UNITED STATES

SECURITIES AND EXCHANGE COMMISSION

 Washington, D.C. 20549

 

FORM 8-K/A

 

CURRENT REPORT

 

Pursuant to Section 13 or 15(d) of the Securities Exchange Act of 1934

 

Date of Report (Date of earliest event reported): April 1, 2025

 

BrooQLy Inc.

(Exact name of registrant as specified in its charter)

 

 

Nevada

 

86-2265420

(State or other jurisdiction of incorporation or organization)

 

(IRS Employer Identification No.)

 

 

 

10101 S. Robert Road, Suite 209

Palos Hills, Illinois

 

60465

(Address of principal executive offices)

 

(Zip Code)

                                                                                            

Registrant’s Telephone Number, including area code: 718-705-8770

 

_______________________________________________________

(Former name or former address if changed since last report.)

 

Check the appropriate box below if the Form 8-K filing is intended to simultaneously satisfy the filing obligation of the registrant under any of the following provisions:

 

Written communications pursuant to Rule 425 under the Securities Act (17 CFR 230.425)

 

 

Soliciting material pursuant to Rule 14a-12 under the Exchange Act (17 CFR 240.14a-12)

 

 

Pre-commencement communications pursuant to Rule 14d-2(b) under the Exchange Act (17 CFR 240.14d-2(b))

 

 

Pre-commencement communications pursuant to Rule 13e-4(c) under the Exchange Act (17 CFR 240.13e-4(c))

 

Securities registered pursuant to Section 12(b) of the Act:

 

Title of each class

 

Trading Symbol(s)

 

Name of each exchange on which registered

None

 

 

 

 

 

Indicate by check mark whether the registrant is an emerging growth company as defined in Rule 405 of the Securities Act of 1933 (§230.405 of this chapter) or Rule 12b-2 of the Securities Exchange Act of 1934 (§240.12b-2 of this chapter).

 

Emerging growth company

 

If an emerging growth company, indicate by check mark if the registrant has elected not to use the extended transition period for complying with any new or revised financial accounting standards provided pursuant to Section 13(a) of the Exchange Act

 

 

 

 

EXPLANATORY NOTE

 

This Current Report on Form 8-K/A (this “Amendment No. 1”) is being filed to amend and supplement “Item 9.01 – Financial Statements and Exhibits,” included in the initial report on Form 8-K filed by BrooQLy Inc. (the “Company”) on April 7, 2025 (the “Initial Filing”), to include the required audited and unaudited special purpose combined carve-out financial statements of Vayu (US) Inc. (“Vayu”), Impossible Aerospace Corporation (“IAC”), and Global Autonomous Corporation (“GAC” and, together with Vayu and IAC, the “Acquired Entities”), pursuant to Rule 3-05(b) of Regulation S-X, and the unaudited pro forma consolidated financial statements for the consolidated Company and Acquired Entities pursuant to Article 11 of Regulation S-X. The required audited and unaudited special purpose combined carve-out financial statements and unaudited pro forma consolidated financial statements are filed as exhibits to this report under Item 9.01.

 

The information previously reported on the Initial Filing is incorporated by reference into this Amendment No. 1. The other items to the Initial Filing further remain unchanged and are not amended hereby.

 

Item 9.01. Financial Statements and Exhibits.

 

(a) Financial Statements of Businesses Acquired.
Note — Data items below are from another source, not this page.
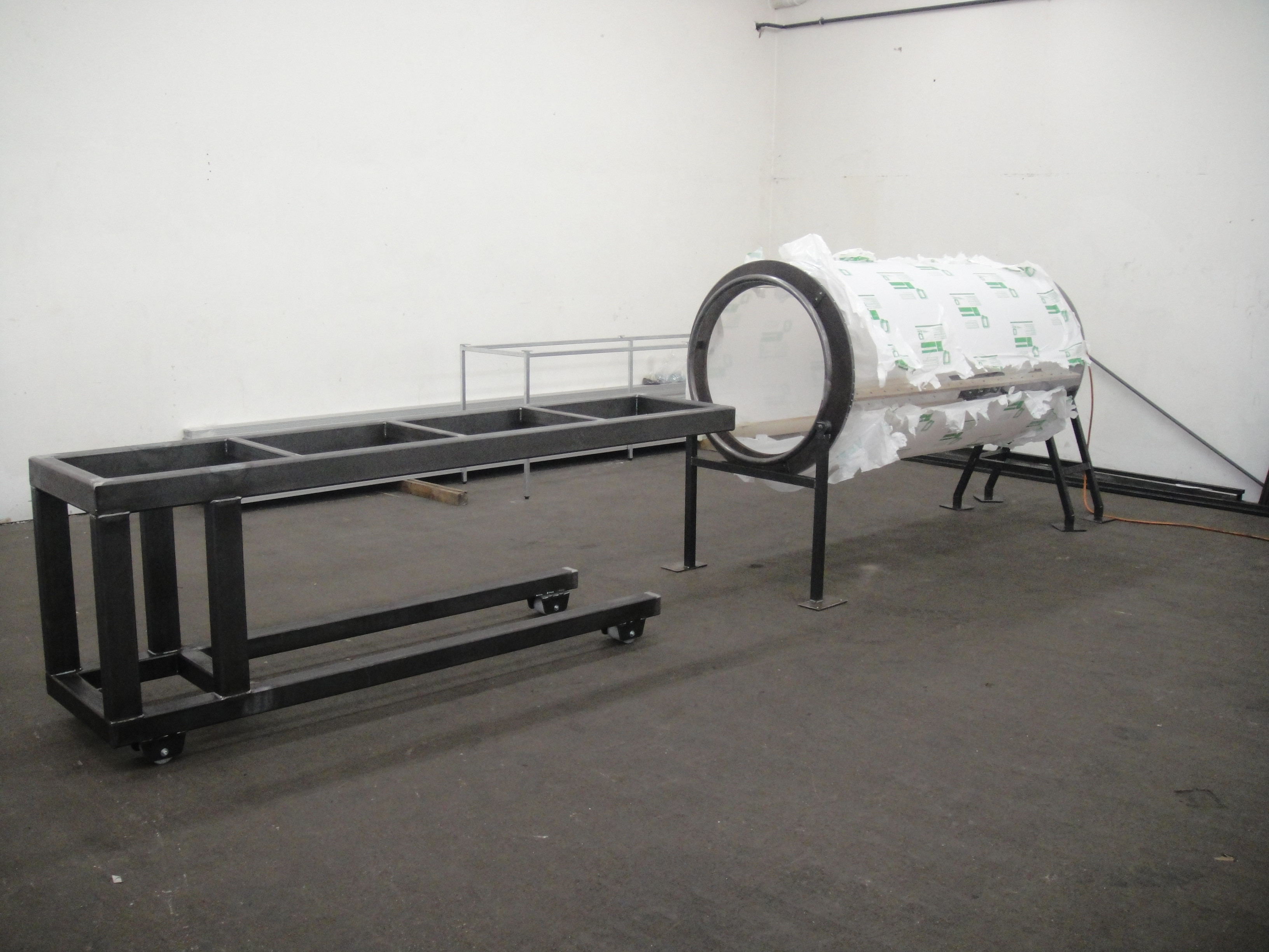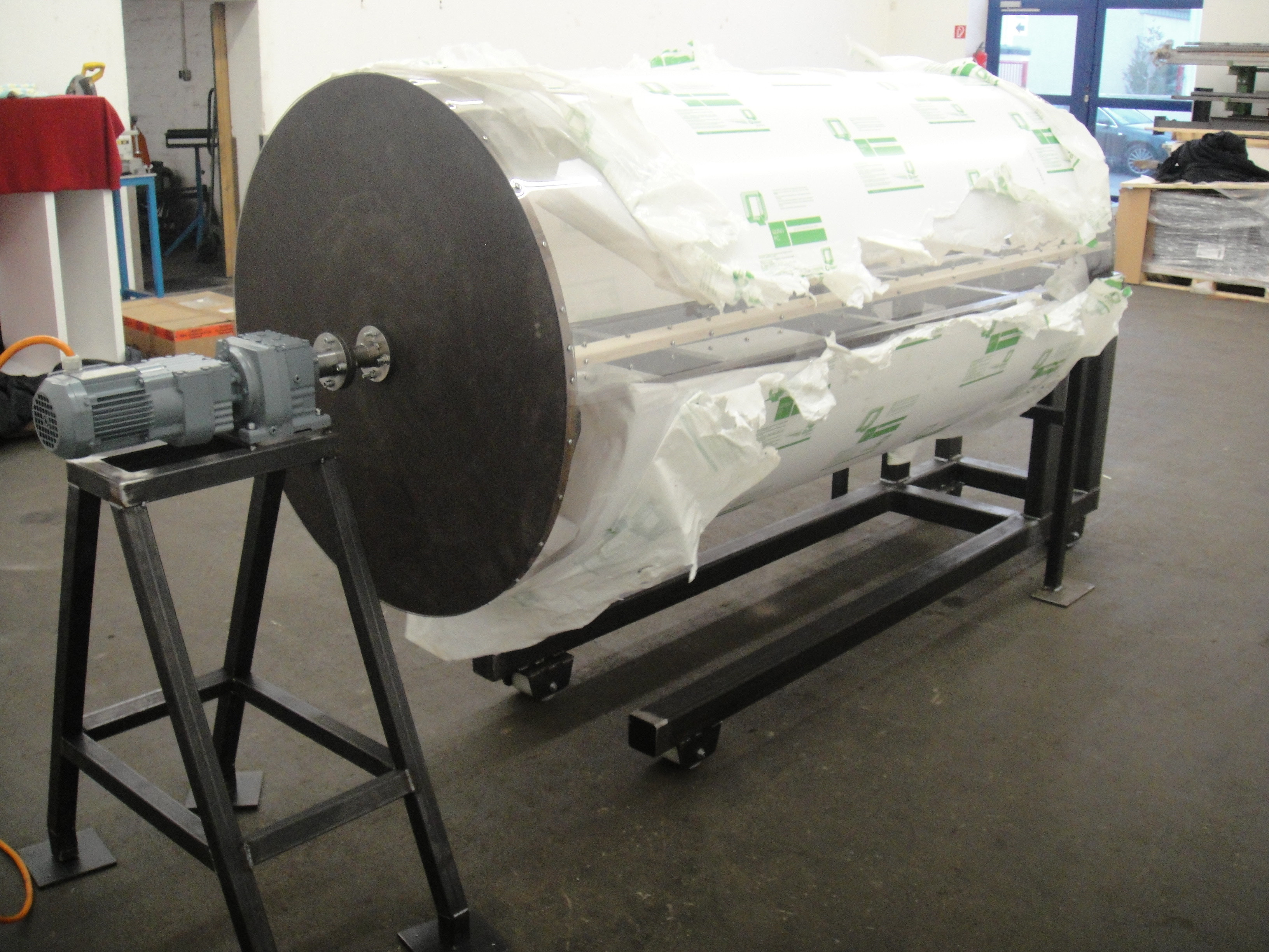 Rotierende Plexiglasröhre mit innenliegenden Schaufeln für Big Brother: in der Sendung wurde die Röhre mit großkalibrigen Ameisen befüllt.
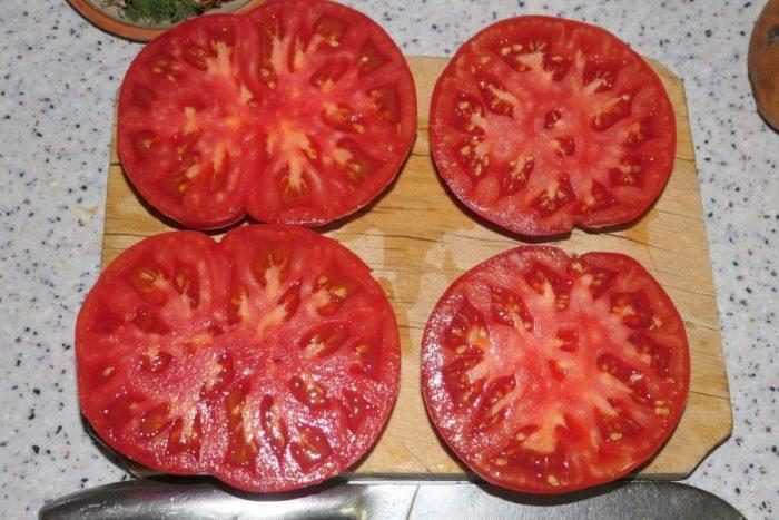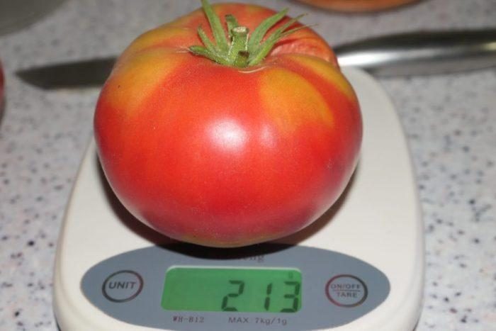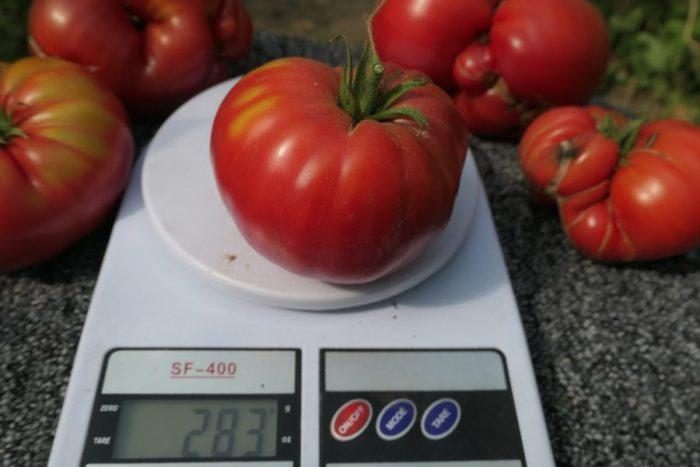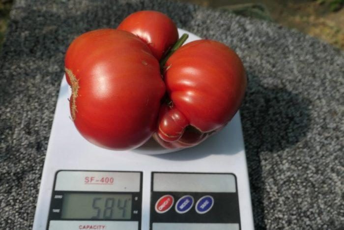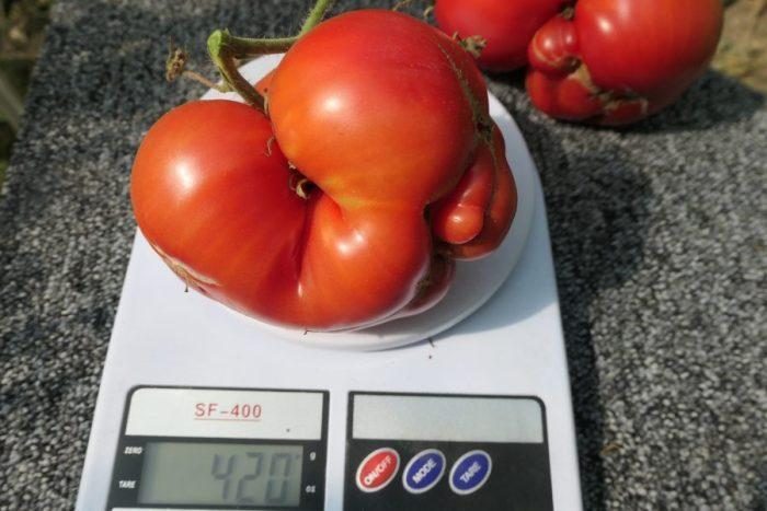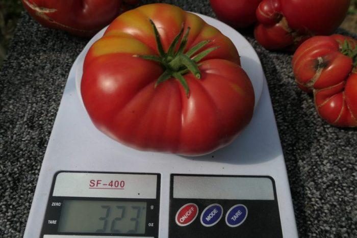 GREUTATEA TOMATELOR ESTE MARE ȘI FOARTE MARE, AVÂND ÎN MEDIE 250-500 grame, IAR UNELE DEPĂȘIND 600 grame.
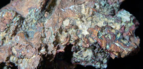 Kearsarge Amygdaloid Copper Mineral 1992 A close view of the other side of this specimen clearly showing the copper under a covering of rock fragments |
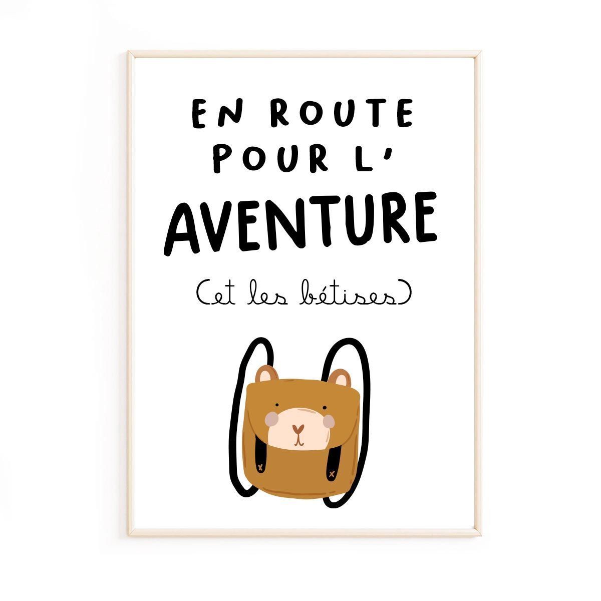 Affiche pour enfant 30x40cm ou 50x70cm Poster citation « En route pour l’aventure » Impression numérique haute qualité avec des encres latex Papier de qualité 150g/m2 Finitions mat Expédition sous 5 à 8 jours ouvrés
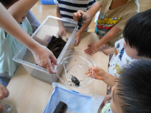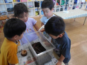 土の中の幼虫の時から図鑑を広げて「今はこんな感じで寝ているのかもね。」と出てくるのを心待ちにしていました。実際に触れた時には「優しく持たないとかわいそうだよ。」という声が聞こえ、1匹お空へ行ってしまった時には「お墓を作ってあげよう。」という子もいました。子どもたちの心の中に優しい気持ちが育っていて嬉しく思いました。本物の生き物との触れ合いを通して生長する喜びや命の大切さをさらに感じていけたらいいなと思います。
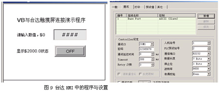 (5)HMI中的程序與設置如圖9所示(要注意【人機站號】與【控制器】的設置):
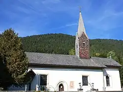 Die Kirche ist ein niedriger spätgotischer Bau, der im 17. Jahrhundert barockisiert wurde. Das nach Westen verlängerte Gotteshaus besitzt einen östlichen Dachreiter mit Spitzhelm. Nördlich am Chor ist eine Sakristei mit einem mit einem spitzbogig abgefasten Portal angebaut. Das Dach wurde 1992 mit Lärchenschindel neu eingedeckt. Bei der Außenrestaurierung 1995 wurde das frühbarocke Dekor des 17. Jahrhunderts mit Eckquadern, Fensterfaschen und Gesimsbändern wiederhergestellt und ein spätgotisches Fresko einer Maria lactans vom Anfang des 15. Jahrhunderts.
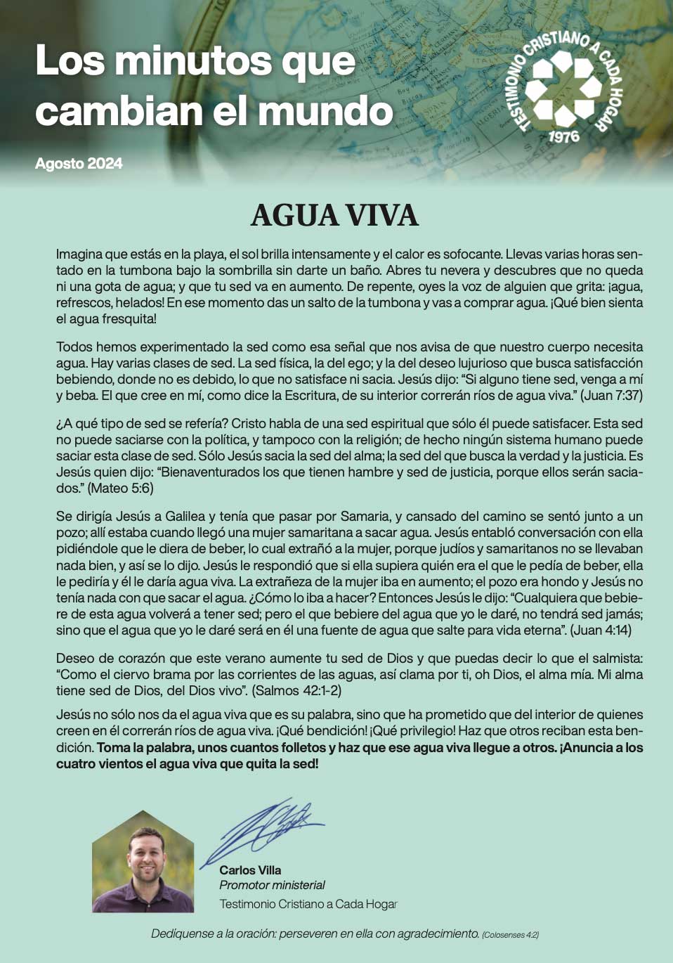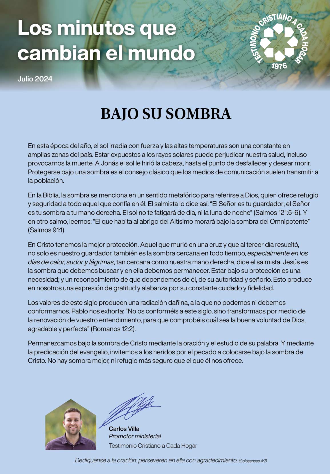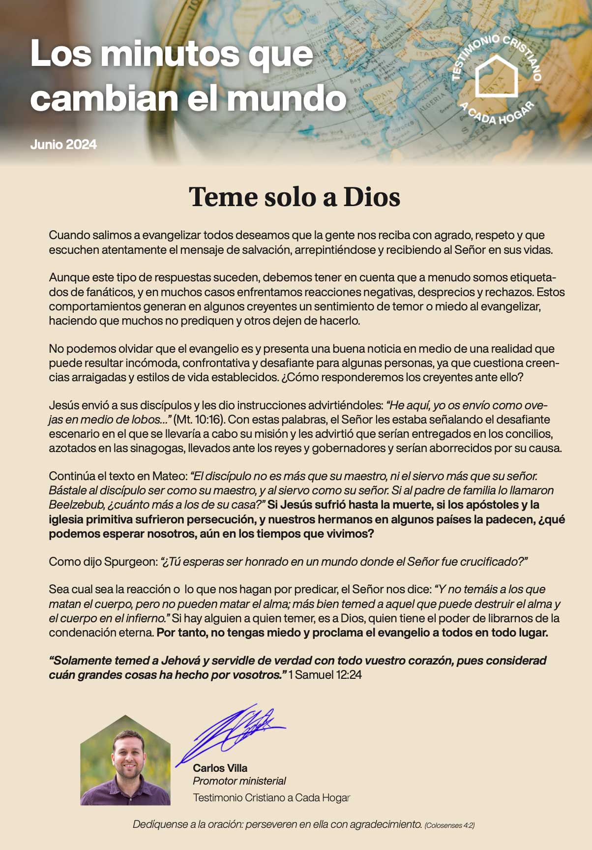 Pidamos a Dios sabiduría y valentía para actuar en consecuencia; como los hijos de Isacar, como las cinco vírgenes prudentes, como el mayordomo fiel y prudente al cual su señor le confió su casa. Dediquémonos a la misión con pasión y entrega e inspiremos a otros con nuestro ejemplo.
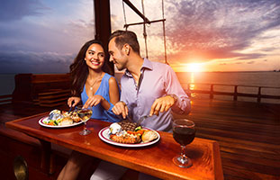 This is one of a kind romance tour in Cancun offering a special evening surrounded by breathtaking views, live saxophone music, fine wine, and food. "The Lobster Dinner" the most romantic night tour in Cancun, where you will enjoy the wonderful sunsets at the Nichupté Lagoon as well as a delicious lobster and/or fillet dinner, under the light of stars.
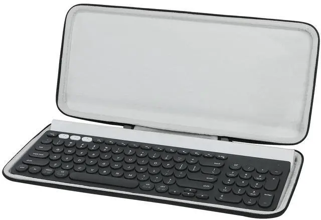 This k780 hard case, the interior is made of high quality velvet, the soft inner structure ensures the protection of the logitech k780 keyboard. The logitech wireless multi device keyboard has a hard case with a mesh design on one side to store your k780 wireless keyboard accessories and soft storage on the other side for your logitech k780.
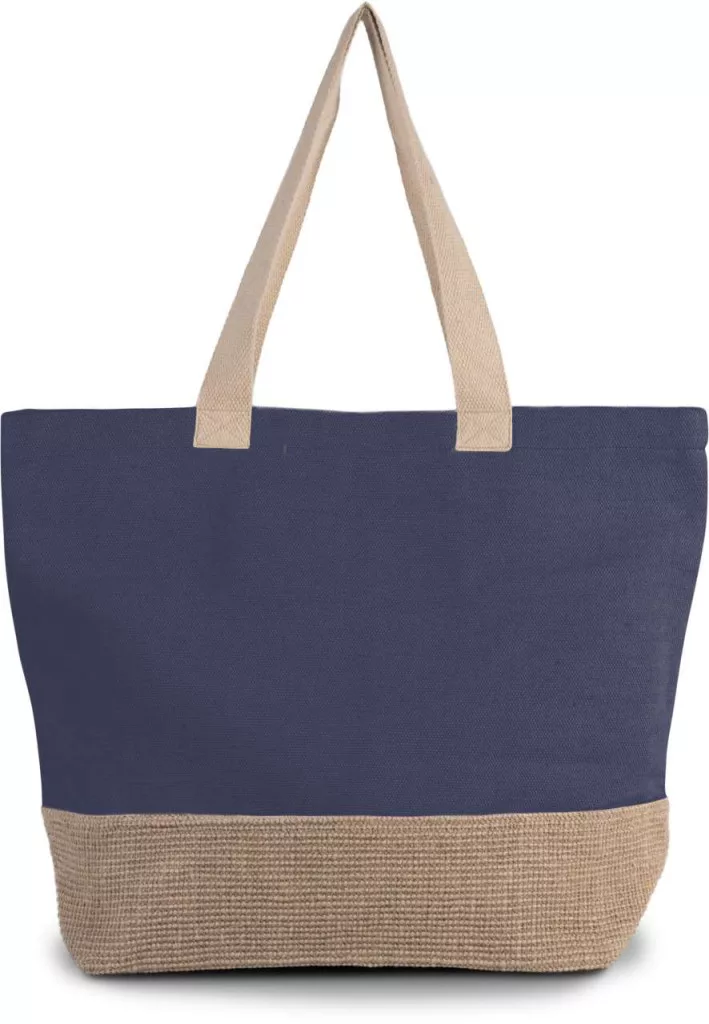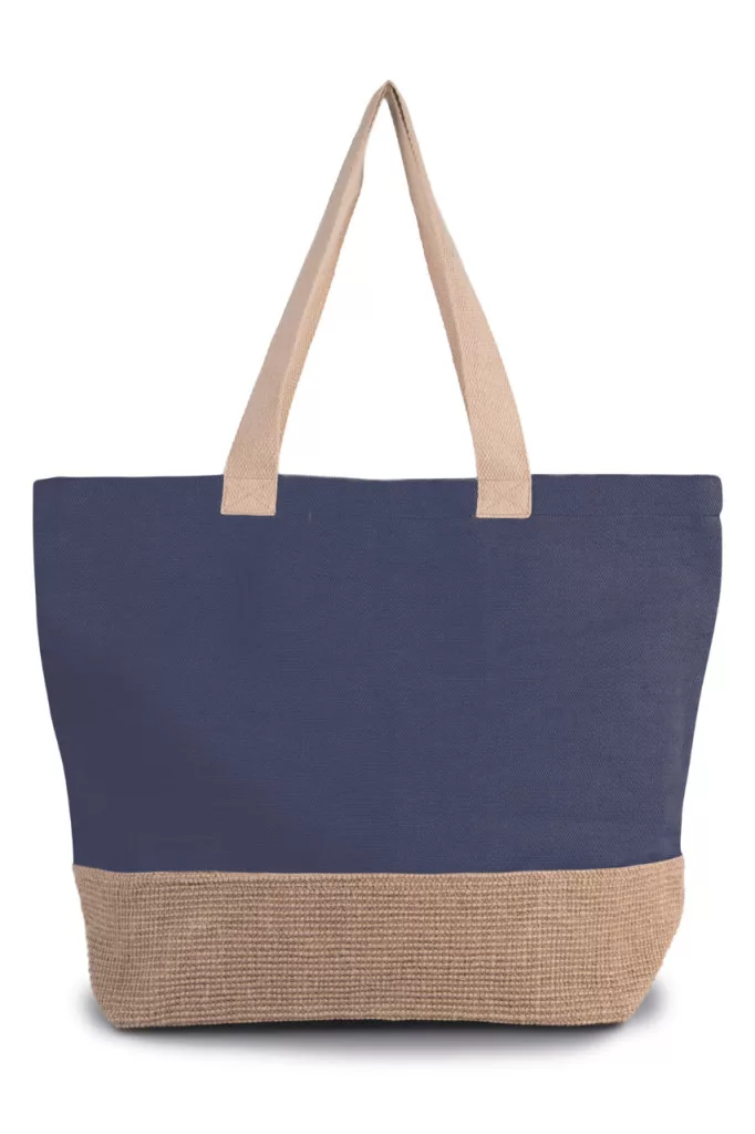 • Nagy pamut és juta (juco) bevásárlótáska természetes kontrasztos színű juta alappal
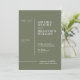 Denna minimalistiska typografi Sage Green bröllopsinbjudan är den perfekta inbjudan att skicka dina gäster för att fira din speciella dag. Den enkla och minimalistiska designen kompletterar alla par. Klicka för att anpassa ytterligare för textplacering och redigeringsverktyg för fullständig färganpassning.

The audited special purpose combined carve-out financial statements of the Acquired Entities for the years ended December 31, 2024 and 2023, including the notes to such financial statements and the report of independent auditors thereon,  are filed as Exhibit 99.1 to this Form 8-K/A and incorporated into this Item 9.01(a) by reference.  The unaudited special purpose condensed combined carve-out financial statements for the three months ended March 31, 2025 and 2024, including the notes to such financial statements, are filed as Exhibit 99.2 to this Current Report on Form 8-K/A and incorporated into this Item 9.01(a) by reference.

 

(b) Pro Forma Financial Information. The pro forma financial information required by this item is filed as Exhibit 99.3 to this Form 8-K/A and is incorporated into this Item 9.01(b) by reference.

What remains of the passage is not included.